**INSTRUCTIONS TO FOLLOW**: Reproduce word for word, from the entries below, the line with "Rośliny: Jesień, Drzewa, Świt, Promienie", the line with "The layout is", and every line between them, and nothing more.

**PROVIDED RECORDS**:
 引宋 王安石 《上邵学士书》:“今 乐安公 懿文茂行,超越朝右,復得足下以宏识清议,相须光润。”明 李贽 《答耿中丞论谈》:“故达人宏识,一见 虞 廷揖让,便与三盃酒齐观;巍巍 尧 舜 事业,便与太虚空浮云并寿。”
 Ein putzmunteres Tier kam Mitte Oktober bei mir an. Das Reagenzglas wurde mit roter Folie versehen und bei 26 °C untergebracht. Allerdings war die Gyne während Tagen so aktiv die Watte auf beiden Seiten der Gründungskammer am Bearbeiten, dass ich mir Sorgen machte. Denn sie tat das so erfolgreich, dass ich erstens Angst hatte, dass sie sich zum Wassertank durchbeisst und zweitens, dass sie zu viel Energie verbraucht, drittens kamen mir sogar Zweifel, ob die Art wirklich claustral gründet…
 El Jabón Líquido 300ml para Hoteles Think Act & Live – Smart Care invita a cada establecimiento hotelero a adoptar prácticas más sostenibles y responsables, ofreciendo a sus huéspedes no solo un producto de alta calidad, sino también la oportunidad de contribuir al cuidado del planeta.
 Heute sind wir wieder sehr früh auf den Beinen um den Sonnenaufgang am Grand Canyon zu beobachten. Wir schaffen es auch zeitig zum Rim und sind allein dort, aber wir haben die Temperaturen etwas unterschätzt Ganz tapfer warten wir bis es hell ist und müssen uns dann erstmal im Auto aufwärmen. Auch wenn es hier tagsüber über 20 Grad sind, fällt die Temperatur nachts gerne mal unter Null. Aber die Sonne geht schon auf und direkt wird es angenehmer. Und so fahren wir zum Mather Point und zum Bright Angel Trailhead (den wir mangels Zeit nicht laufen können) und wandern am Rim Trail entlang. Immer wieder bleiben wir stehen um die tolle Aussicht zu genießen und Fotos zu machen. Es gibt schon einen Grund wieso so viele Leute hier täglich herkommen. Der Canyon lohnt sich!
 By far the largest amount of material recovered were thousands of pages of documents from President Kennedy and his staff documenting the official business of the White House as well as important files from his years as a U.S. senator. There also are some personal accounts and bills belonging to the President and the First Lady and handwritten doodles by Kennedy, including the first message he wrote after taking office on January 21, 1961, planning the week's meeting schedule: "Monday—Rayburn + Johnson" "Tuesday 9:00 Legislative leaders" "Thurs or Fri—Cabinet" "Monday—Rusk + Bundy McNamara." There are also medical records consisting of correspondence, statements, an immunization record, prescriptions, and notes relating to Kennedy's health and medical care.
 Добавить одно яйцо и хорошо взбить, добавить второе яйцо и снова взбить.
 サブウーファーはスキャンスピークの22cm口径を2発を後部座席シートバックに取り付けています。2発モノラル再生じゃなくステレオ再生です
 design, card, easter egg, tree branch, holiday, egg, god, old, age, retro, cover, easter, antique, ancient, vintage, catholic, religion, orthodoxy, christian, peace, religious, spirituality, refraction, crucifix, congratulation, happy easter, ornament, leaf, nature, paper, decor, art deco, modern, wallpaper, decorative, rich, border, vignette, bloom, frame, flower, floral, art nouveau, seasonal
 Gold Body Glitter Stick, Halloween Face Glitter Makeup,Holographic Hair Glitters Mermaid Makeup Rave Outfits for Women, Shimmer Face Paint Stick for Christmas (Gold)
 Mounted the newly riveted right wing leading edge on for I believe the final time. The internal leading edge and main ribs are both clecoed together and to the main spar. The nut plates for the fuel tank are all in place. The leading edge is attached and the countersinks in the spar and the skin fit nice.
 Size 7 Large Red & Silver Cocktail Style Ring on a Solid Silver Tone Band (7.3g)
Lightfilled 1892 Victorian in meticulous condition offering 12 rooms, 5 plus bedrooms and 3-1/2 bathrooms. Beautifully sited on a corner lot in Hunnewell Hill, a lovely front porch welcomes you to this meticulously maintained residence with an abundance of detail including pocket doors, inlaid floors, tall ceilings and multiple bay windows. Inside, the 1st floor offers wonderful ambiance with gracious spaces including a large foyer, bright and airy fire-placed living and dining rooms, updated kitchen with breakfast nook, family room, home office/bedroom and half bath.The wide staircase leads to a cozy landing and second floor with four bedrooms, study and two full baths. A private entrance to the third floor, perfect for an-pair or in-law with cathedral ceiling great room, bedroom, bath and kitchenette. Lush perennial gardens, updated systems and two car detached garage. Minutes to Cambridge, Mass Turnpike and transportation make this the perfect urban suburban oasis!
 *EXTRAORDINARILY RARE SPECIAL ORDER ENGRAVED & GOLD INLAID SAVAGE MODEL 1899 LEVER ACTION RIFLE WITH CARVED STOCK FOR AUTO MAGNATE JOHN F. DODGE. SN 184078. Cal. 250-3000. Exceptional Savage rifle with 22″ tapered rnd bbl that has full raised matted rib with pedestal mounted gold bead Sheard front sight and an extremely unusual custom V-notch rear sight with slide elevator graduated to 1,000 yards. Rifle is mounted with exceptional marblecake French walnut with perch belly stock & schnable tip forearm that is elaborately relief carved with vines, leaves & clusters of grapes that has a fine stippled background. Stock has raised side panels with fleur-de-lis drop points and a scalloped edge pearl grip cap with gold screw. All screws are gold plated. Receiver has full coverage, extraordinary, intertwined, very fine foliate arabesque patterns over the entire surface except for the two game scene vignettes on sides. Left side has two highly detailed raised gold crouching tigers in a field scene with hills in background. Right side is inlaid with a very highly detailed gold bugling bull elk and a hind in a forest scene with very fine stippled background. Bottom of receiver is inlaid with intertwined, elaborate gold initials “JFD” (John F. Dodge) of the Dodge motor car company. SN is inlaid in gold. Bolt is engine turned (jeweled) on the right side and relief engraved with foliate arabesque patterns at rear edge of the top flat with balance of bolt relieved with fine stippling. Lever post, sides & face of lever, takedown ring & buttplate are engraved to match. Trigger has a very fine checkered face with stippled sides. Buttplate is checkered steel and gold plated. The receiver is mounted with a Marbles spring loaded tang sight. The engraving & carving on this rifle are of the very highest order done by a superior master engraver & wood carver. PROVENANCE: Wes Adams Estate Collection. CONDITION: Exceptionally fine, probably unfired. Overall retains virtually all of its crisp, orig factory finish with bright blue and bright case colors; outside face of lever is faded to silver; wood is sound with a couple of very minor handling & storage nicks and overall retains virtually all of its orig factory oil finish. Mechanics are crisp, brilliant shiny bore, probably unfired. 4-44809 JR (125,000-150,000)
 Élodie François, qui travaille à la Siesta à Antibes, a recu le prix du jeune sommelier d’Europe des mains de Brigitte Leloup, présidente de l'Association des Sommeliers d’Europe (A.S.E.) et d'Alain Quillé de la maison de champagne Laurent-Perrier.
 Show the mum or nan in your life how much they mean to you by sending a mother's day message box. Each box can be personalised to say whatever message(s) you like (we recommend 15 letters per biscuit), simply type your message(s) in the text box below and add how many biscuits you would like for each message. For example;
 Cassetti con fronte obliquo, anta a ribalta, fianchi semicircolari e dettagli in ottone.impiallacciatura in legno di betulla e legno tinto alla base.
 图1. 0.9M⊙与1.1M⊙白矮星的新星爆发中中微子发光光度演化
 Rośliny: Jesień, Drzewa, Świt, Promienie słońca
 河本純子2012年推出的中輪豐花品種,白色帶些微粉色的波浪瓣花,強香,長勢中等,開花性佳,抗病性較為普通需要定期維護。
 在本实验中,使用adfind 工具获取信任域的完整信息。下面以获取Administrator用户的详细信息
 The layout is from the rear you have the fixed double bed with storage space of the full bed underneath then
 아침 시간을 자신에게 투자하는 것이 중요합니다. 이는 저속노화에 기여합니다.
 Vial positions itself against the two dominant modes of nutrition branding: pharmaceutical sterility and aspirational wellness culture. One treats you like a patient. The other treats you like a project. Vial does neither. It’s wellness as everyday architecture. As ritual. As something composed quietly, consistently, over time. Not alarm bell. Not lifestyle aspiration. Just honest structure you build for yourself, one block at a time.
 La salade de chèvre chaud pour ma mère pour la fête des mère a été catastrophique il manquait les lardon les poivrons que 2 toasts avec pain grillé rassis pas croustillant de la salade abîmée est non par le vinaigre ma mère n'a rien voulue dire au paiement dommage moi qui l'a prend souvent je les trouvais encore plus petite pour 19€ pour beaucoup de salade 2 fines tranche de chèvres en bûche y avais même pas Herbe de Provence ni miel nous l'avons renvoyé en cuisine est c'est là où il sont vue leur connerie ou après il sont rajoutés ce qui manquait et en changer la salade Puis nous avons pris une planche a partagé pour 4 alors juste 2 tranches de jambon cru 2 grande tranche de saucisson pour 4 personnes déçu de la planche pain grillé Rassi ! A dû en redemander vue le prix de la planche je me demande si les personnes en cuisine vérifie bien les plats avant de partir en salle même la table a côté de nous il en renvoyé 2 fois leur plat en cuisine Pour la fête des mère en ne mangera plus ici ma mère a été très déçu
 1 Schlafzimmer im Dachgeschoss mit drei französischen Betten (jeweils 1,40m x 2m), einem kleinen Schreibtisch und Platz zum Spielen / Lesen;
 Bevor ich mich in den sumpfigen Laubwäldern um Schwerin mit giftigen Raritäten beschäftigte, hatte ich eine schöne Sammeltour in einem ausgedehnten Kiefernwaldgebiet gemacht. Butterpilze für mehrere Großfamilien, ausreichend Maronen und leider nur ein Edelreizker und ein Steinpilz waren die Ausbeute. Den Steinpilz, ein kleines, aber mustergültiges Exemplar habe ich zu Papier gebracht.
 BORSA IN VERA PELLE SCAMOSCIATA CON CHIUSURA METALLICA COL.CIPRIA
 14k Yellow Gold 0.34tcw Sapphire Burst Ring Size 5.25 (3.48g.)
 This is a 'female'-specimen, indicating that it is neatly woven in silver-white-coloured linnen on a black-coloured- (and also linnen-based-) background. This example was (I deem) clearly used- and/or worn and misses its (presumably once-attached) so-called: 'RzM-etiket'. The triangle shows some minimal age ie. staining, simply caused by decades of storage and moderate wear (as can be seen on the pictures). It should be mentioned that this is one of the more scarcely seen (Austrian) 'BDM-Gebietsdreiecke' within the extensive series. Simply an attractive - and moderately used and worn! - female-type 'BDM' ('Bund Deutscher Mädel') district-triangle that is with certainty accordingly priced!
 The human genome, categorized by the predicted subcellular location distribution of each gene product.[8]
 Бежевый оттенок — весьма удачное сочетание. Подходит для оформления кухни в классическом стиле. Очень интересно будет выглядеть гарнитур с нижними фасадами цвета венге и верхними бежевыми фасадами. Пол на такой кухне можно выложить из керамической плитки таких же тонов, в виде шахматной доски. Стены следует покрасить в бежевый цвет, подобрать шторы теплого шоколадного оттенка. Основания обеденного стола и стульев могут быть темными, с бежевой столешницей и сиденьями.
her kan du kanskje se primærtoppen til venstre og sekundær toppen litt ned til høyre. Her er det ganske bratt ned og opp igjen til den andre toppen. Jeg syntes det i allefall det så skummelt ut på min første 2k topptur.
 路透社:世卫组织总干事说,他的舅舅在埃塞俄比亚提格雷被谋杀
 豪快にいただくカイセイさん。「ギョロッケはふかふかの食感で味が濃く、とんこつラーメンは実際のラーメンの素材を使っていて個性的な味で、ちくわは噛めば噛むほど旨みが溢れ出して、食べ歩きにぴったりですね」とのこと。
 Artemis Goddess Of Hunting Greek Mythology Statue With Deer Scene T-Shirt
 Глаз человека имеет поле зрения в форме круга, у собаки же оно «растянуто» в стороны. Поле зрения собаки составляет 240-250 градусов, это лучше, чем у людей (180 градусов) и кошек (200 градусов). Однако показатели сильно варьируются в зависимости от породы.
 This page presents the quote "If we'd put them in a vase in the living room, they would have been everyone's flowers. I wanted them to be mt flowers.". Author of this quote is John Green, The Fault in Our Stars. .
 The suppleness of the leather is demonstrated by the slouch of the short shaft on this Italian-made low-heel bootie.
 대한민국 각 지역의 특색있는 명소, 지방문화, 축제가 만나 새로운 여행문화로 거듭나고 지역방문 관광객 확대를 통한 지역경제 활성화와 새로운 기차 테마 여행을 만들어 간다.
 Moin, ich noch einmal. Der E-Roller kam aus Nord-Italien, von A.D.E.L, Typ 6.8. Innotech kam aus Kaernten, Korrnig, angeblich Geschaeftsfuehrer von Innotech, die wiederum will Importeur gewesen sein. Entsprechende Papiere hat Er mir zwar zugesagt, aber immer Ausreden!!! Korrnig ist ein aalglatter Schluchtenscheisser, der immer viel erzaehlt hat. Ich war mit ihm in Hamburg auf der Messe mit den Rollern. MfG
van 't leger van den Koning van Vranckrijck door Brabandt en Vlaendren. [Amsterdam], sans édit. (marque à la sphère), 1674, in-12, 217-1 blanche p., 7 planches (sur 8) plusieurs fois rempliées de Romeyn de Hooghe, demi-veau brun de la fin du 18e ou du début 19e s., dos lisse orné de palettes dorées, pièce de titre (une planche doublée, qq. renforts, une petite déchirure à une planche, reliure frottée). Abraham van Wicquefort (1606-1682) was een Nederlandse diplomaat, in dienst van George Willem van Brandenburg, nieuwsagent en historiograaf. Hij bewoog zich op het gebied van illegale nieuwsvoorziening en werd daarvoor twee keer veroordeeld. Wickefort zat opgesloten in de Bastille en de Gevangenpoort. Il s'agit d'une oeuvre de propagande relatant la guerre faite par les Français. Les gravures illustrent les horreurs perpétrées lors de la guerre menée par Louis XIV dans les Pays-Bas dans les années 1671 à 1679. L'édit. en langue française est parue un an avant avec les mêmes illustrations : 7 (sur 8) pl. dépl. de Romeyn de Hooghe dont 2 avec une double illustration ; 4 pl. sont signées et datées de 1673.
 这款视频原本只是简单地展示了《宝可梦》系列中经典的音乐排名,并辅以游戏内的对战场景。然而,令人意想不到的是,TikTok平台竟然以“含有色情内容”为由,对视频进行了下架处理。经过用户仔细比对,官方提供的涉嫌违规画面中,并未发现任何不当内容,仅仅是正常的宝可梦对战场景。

**REPLY**:
 Rośliny: Jesień, Drzewa, Świt, Promienie słońca
 河本純子2012年推出的中輪豐花品種,白色帶些微粉色的波浪瓣花,強香,長勢中等,開花性佳,抗病性較為普通需要定期維護。
 在本实验中,使用adfind 工具获取信任域的完整信息。下面以获取Administrator用户的详细信息
 The layout is from the rear you have the fixed double bed with storage space of the full bed underneath then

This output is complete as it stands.